Records for the task
== Segment start ==

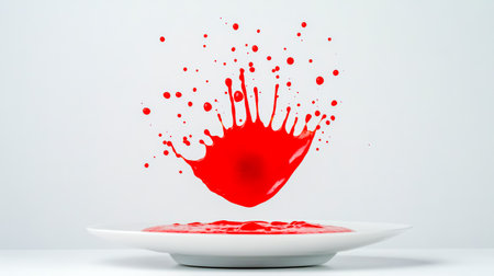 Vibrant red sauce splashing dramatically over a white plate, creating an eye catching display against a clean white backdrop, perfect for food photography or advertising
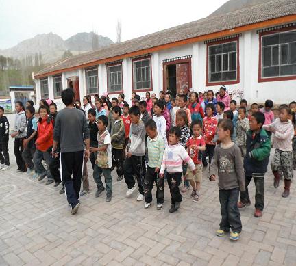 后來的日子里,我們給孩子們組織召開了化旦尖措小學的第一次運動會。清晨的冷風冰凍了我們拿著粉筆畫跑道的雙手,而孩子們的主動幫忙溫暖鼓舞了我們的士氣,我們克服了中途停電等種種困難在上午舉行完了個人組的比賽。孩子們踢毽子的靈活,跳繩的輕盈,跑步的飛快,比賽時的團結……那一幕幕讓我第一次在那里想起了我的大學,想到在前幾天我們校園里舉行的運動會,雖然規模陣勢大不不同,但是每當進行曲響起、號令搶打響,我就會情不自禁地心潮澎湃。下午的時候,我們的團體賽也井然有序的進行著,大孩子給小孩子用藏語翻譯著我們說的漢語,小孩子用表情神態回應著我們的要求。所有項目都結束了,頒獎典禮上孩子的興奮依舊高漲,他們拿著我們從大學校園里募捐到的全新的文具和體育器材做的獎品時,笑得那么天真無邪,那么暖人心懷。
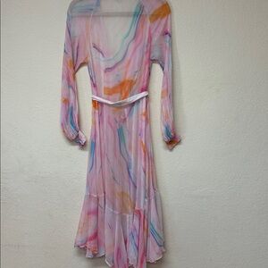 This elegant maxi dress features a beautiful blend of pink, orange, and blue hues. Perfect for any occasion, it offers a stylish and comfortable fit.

== Segment end ==
== Segment start ==

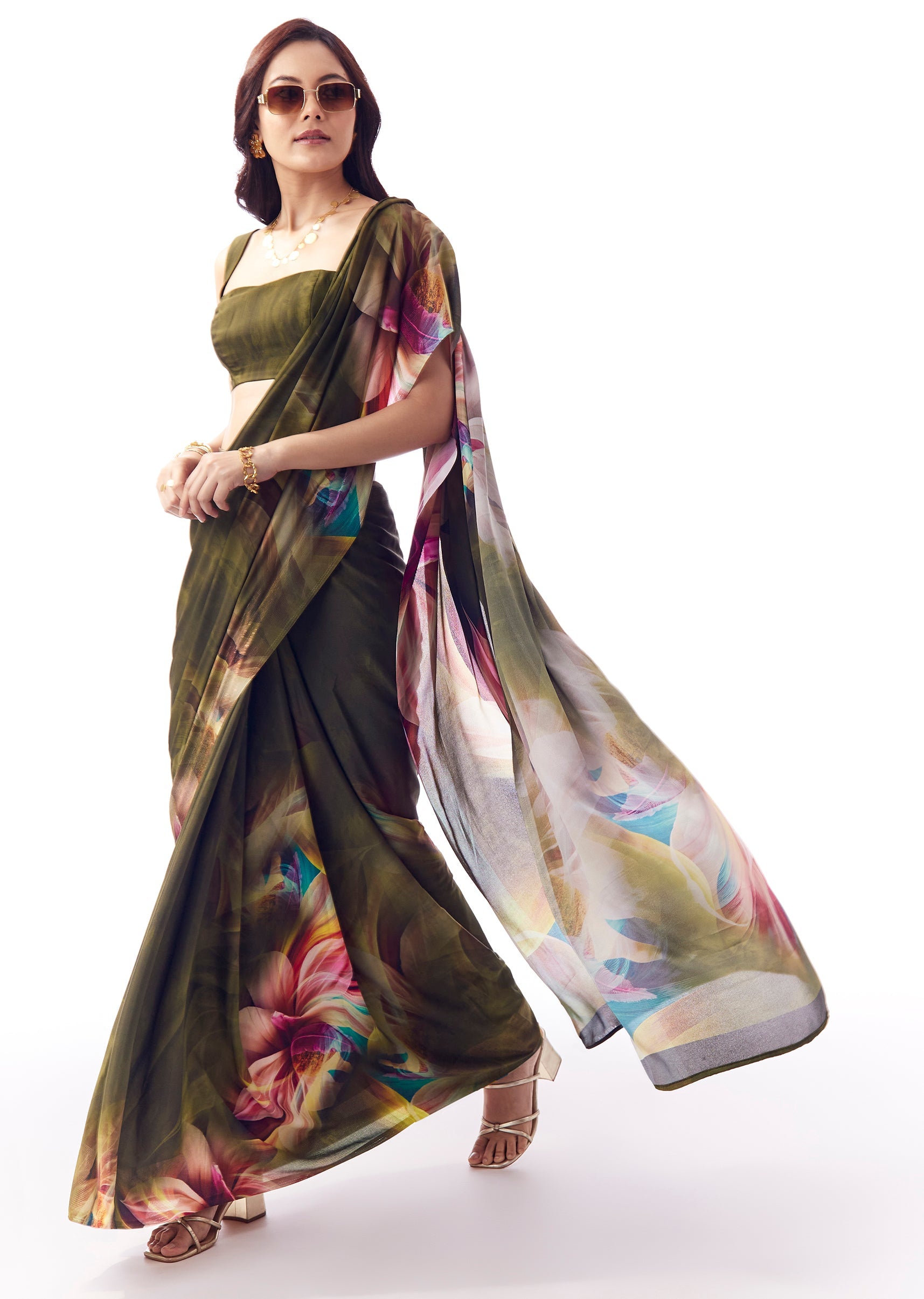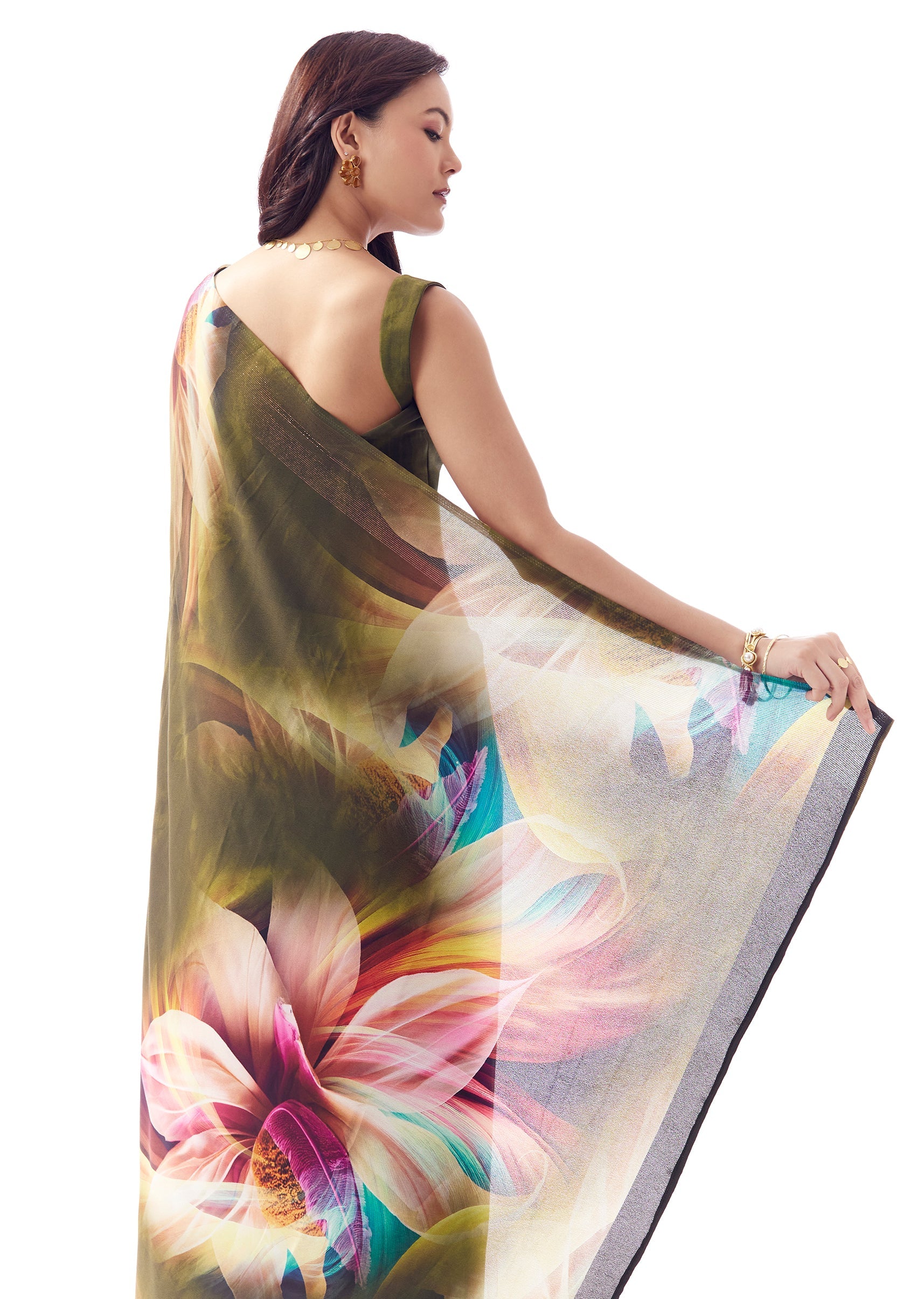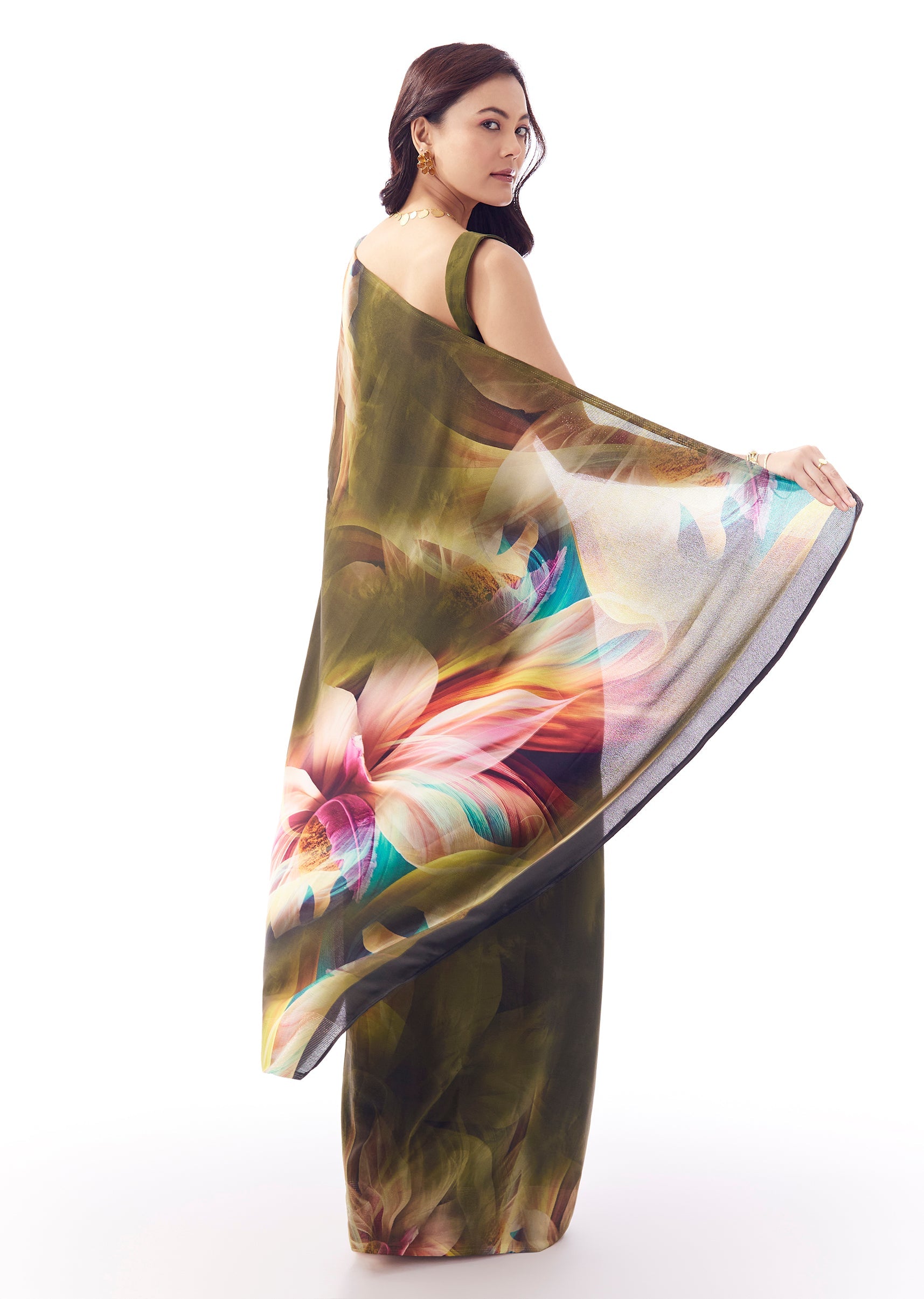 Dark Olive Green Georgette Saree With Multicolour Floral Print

== Segment end ==

Try it
In the listing above, find the line with "后來的日子里,我們給孩子們組" and the line with "This elegant maxi". Set down both and every line between them, minus the pictures.

Written answer
 后來的日子里,我們給孩子們組織召開了化旦尖措小學的第一次運動會。清晨的冷風冰凍了我們拿著粉筆畫跑道的雙手,而孩子們的主動幫忙溫暖鼓舞了我們的士氣,我們克服了中途停電等種種困難在上午舉行完了個人組的比賽。孩子們踢毽子的靈活,跳繩的輕盈,跑步的飛快,比賽時的團結……那一幕幕讓我第一次在那里想起了我的大學,想到在前幾天我們校園里舉行的運動會,雖然規模陣勢大不不同,但是每當進行曲響起、號令搶打響,我就會情不自禁地心潮澎湃。下午的時候,我們的團體賽也井然有序的進行著,大孩子給小孩子用藏語翻譯著我們說的漢語,小孩子用表情神態回應著我們的要求。所有項目都結束了,頒獎典禮上孩子的興奮依舊高漲,他們拿著我們從大學校園里募捐到的全新的文具和體育器材做的獎品時,笑得那么天真無邪,那么暖人心懷。
 This elegant maxi dress features a beautiful blend of pink, orange, and blue hues. Perfect for any occasion, it offers a stylish and comfortable fit.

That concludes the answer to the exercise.